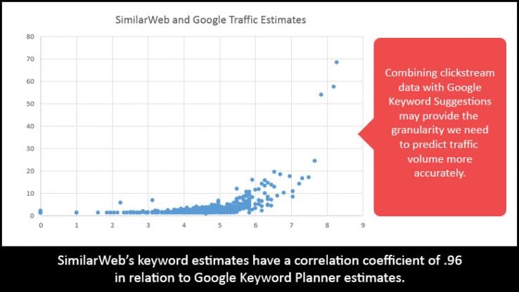 While this data from SimilarWeb is very useful, building a more accurate prediction of search volume for a term requires that you build a regression model comparing the user data to Google's estimates. Moreover, demographic differences between the whole Google user base and those included in the user panels of SimilarWeb and ClickStre.am mean that building a ubiquitous regression model across all the keyword data might not be the best, as the users tracked by SimilarWeb and ClickStre.am might be biased towards different topics. The solution is to build models around topically-related keywords.
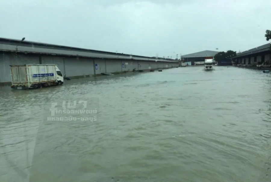 เลิกงานมาเจอแบบนี้คงแทบขาดใจเลย เผยภาพน้ำท่วมโรงงานเครือสหพัฒน์แหลมฉบัง
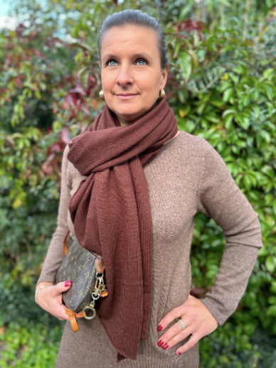 Tunn Kashmirscarf i chokladfärg. Wooow!
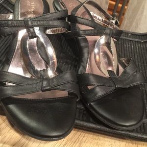 Extremely comfortable Soft brand Eurosoft black and silver 2" wedges like new! Adjusting strap!silver buckle! Very cushy! 7.5
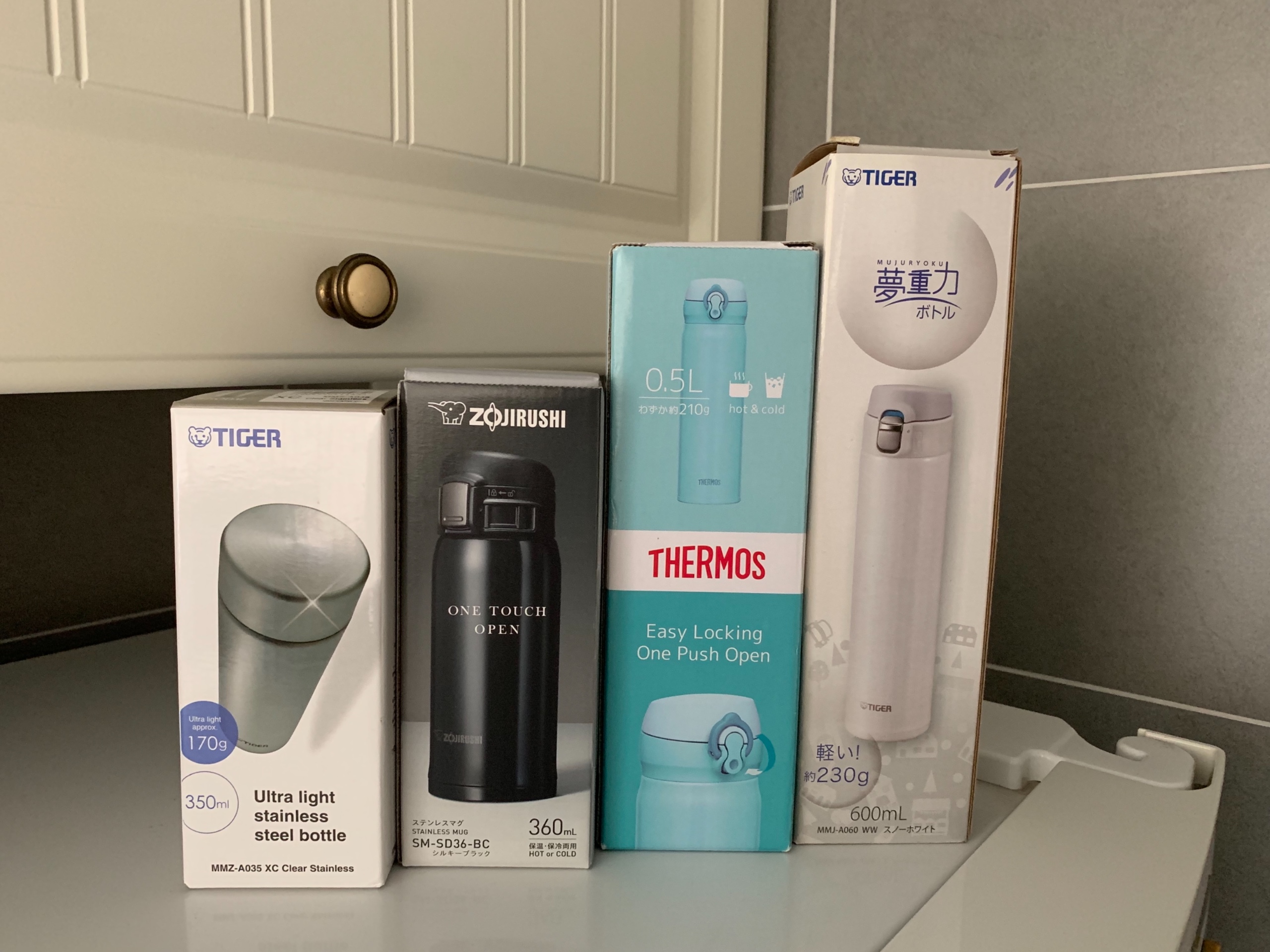 从左到右,容量分别是350、360、500、600毫升,颜色分别是不锈钢色、磨砂黑、天蓝色、白色,价格象印140,膳魔师和虎牌130。
:::::
[What the task asks]
Your answer must be the lines from the one holding "Extremely comfortable Soft" through the final line of the records above, exactly as written and without any pictures.

[Response to this task]
 Extremely comfortable Soft brand Eurosoft black and silver 2" wedges like new! Adjusting strap!silver buckle! Very cushy! 7.5
 从左到右,容量分别是350、360、500、600毫升,颜色分别是不锈钢色、磨砂黑、天蓝色、白色,价格象印140,膳魔师和虎牌130。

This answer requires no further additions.